Section A.  Sections 287.020, 287.067, 287.120, 287.655 and 287.800, RSMo 2000, are repealed and five new sections enacted in lieu thereof, to be known as sections 287.020, 287.067, 287.120, 287.655 and 287.800, to read as follows:

287.020.  1.  The word "employee" as used in this chapter shall be construed to mean every person in the service of any employer, as defined in this chapter, under any contract of hire, express or implied, oral or written, or under any appointment or election, including executive officers of corporations.  Any reference to any employee who has been injured shall, when the employee is dead, also include his dependents, and other persons to whom compensation may be payable.  The word "employee" shall also include all minors who work for an employer, whether or not such minors are employed in violation of law, and all such minors are hereby made of full age for all purposes under, in connection with, or arising out of this chapter.  The word "employee" shall not include an individual who is the owner and operator of a motor vehicle which is leased or contracted with a driver to a for-hire common or contract motor vehicle carrier operating within a commercial zone as defined in section 390.020 or 390.041, RSMo, or operating under a certificate issued by the motor carrier and railroad safety division of the department of economic development or by the interstate commerce commission.

2.  The word "accident" as used in this chapter shall, unless a different meaning is clearly indicated by the context, be construed to mean an unexpected or unforeseen identifiable event or series of events happening suddenly and violently, with or without human fault, and producing at the time objective symptoms of an injury.  An injury is compensable if it is clearly work related.  An injury is clearly work related if work was [a] the dominant substantial factor in the cause of the resulting medical condition or disability.  This chapter shall not apply to personal health conditions of an employee which manifest themselves in the employment in which the work was not the substantial dominant factor in the resulting need for medical treatment or treatment.  An injury, including injuries resulting directly or indirectly from idiopathic causes, is not compensable merely because work was a triggering or precipitating factor.

3.  (1)  In this chapter the term "injury" is hereby defined to be an injury which has arisen out of and in the course of employment.  The injury must be incidental to and not independent of the relation of employer and employee.  An injury shall not be deemed to have been directly caused by the employment where it is shown that the employee suffers disability as a result of ordinary, gradual deterioration or progressive degeneration of the body caused by aging [shall not be compensable, except where the deterioration or degeneration follows as an incident of employment] or by the normal activities of day to day living.

(2)  The employee shall not be entitled to recover for the aggravation of a pre-existing condition, except to the extent that the work-related injury causes increased disability.  Any award of compensation shall be reduced by the amount of permanent partial disability determined to be pre-existing.  If a compensable injury combines with a pre-existing disease or condition to cause or prolong disability or need for treatment, the resultant condition is compensable only to the extent that the compensable injury is and remains the substantial dominant cause of the disability or need for treatment.  If the substantial cause of a worsened condition is an injury not arising out of and in the course of employment, including injuries from idiopathic causes, the worsening is not compensable.

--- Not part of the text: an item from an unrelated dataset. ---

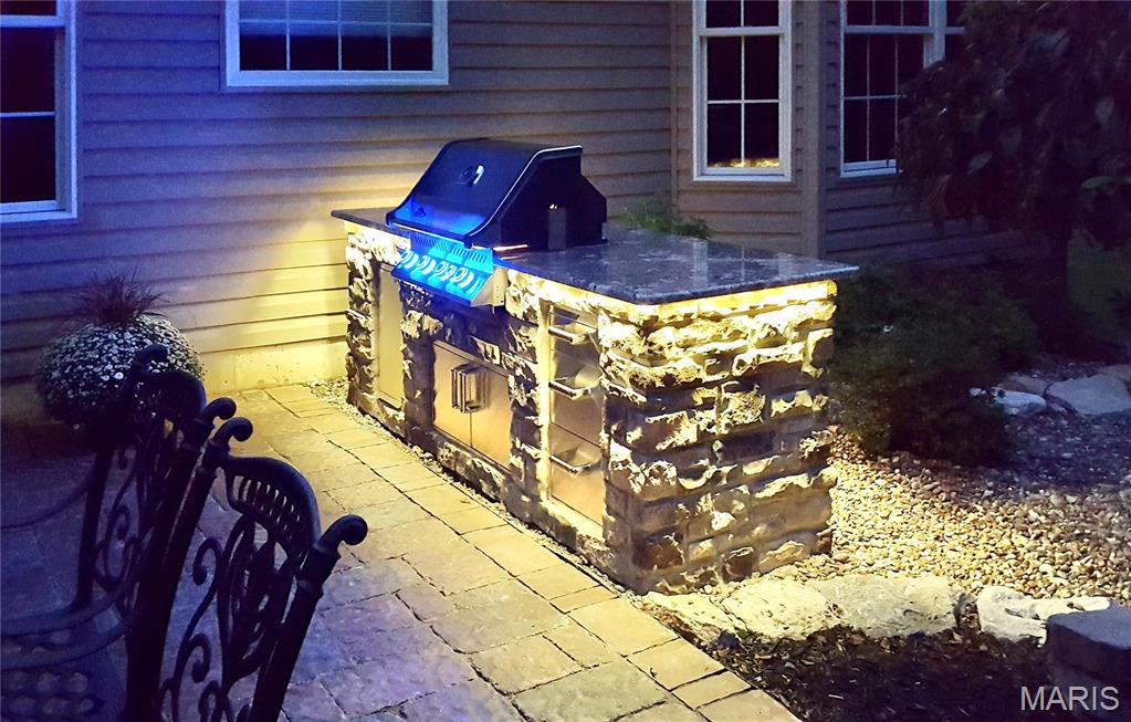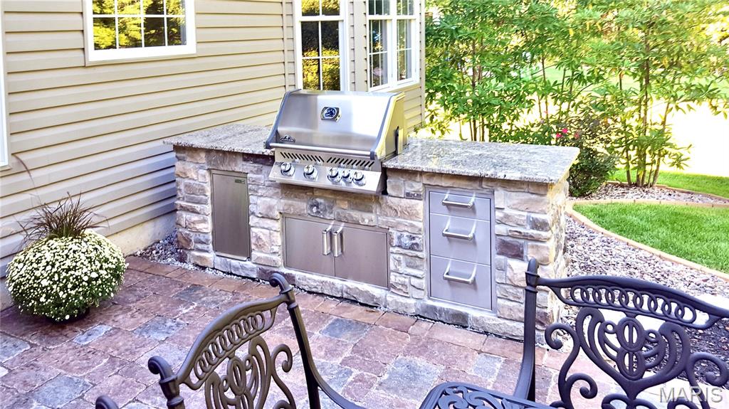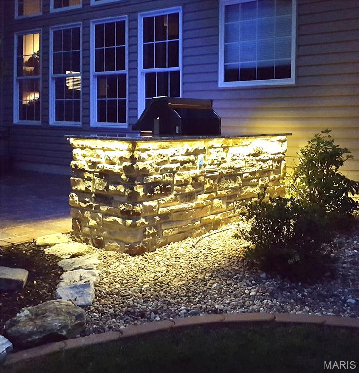 Multiple offers received. Please submit your highest and best by ASAP. Welcome to 2042 Paul Renaud Blvd! A meticulously maintained, custom-built Modern Executive Ranch home. Featuring a timeless brick-and-stone exterior design that is built to last, and delivers BIG on eye-catching curb appeal! Located in Wyndgate Forest, a sought-after neighborhood consisting of larger, high-quality custom built homes. This home is perfectly situated for continuous year round scenic views, and is connected along the rear property line to more than 16 acres of wooded common ground and a winding creek! Professionally landscaped property with in-ground sprinkler system (front and back yard) for a perfectly lush green lawn. While you're letting the sprinkler system take care of the grass, relax in the shade on the custom screen porch addition and watch the deer walking along the creek. Hang out with family and friends on the custom outdoor patio featuring a granite, stainless steel and stone outdoor kitchen, ready for parties and BBQ's. The home provides 4,359 sq ft of finished living space, 12 foot high ceilings in the main living areas, 4 bedrooms, 3 and 1/2 bathrooms, plus a main floor bonus room currently used as an office, easily used as a 5th bedroom if desired. Other features include a large chefs kitchen with stainless appliances, double ovens, 42" custom cabinetry and granite countertops. The Kitchen is wide open to the Breakfast room and Hearth room, spacious and bright with optional transom windows throughout, all are equipped with remote control sun shades. The wood burning fireplace has been upgraded with premium gas logs. Building mechanicals are updated for peace-of-mind with a new roof, updated dual zone HVAC systems and dual 50 gallon water heaters. The spacious primary suite provides 2 walk-in closets and gorgeously renovated en suite bathroom - with awesome walk in shower! The professionally finished lower level provides even more living space with a full bath, large open family room/game room flex-space, high ceilings and a great fitness room! Tons of room for all your stuff, with two massive connected storage areas in the unfinished portion of the basement, and even more storage in the expanded / oversized three car garage! See listing attachments uploaded for more info including; a prior survey, list of upgrades, floor-plan drawing, sellers disclosure, and more.

(3)  An injury shall be deemed to arise out of and in the course of the employment only if:

(a)  It is reasonably apparent, upon consideration of all the circumstances, that the employment is a substantial factor in causing the injury; and

(b)  It can be seen to have followed as a natural incident of the work; and

(c)  It can be fairly traced to the employment as a proximate cause; and

(d)  It does not come from a hazard or risk unrelated to the employment to which workers would have been equally exposed outside of and unrelated to the employment in normal nonemployment life;

[(3)]  (4)  The terms "injury" and "personal injuries" shall mean violence to the physical structure of the body and to the personal property which is used to make up the physical structure of the body, such as artificial dentures, artificial limbs, glass eyes, eyeglasses, and other prostheses which are placed in or on the body to replace the physical structure and such disease or infection as naturally results therefrom.  These terms shall in no case except as specifically provided in this chapter be construed to include occupational disease in any form, nor shall they be construed to include any contagious or infectious disease contracted during the course of the employment, nor shall they include death due to natural causes occurring while the worker is at work.

4.  "Death" when mentioned as a basis for the right to compensation means only death resulting from such violence and its resultant effects occurring within three hundred weeks after the accident; except that in cases of occupational disease, the limitation of three hundred weeks shall not be applicable.

5.  Without otherwise affecting either the meaning or interpretation of the abridged clause, "personal injuries arising out of and in the course of such employment", it is hereby declared not to cover workers except while engaged in or about the premises where their duties are being performed, or where their services require their presence as a part of such service.

6.  A person who is employed by the same employer for more than five and one-half consecutive work days shall for the purpose of this chapter be considered an "employee".

7.  The term "total disability" as used in this chapter shall mean inability to return to any employment and not merely mean inability to return to the employment in which the employee was engaged at the time of the accident.

8.  As used in this chapter and all acts amendatory thereof, the term "commission" shall hereafter be construed as meaning and referring exclusively to the labor and industrial relations commission of Missouri, and the term "director" shall hereafter be construed as meaning the director of the department of insurance of the state of Missouri or such agency of government as shall exercise the powers and duties now conferred and imposed upon the department of insurance of the state of Missouri.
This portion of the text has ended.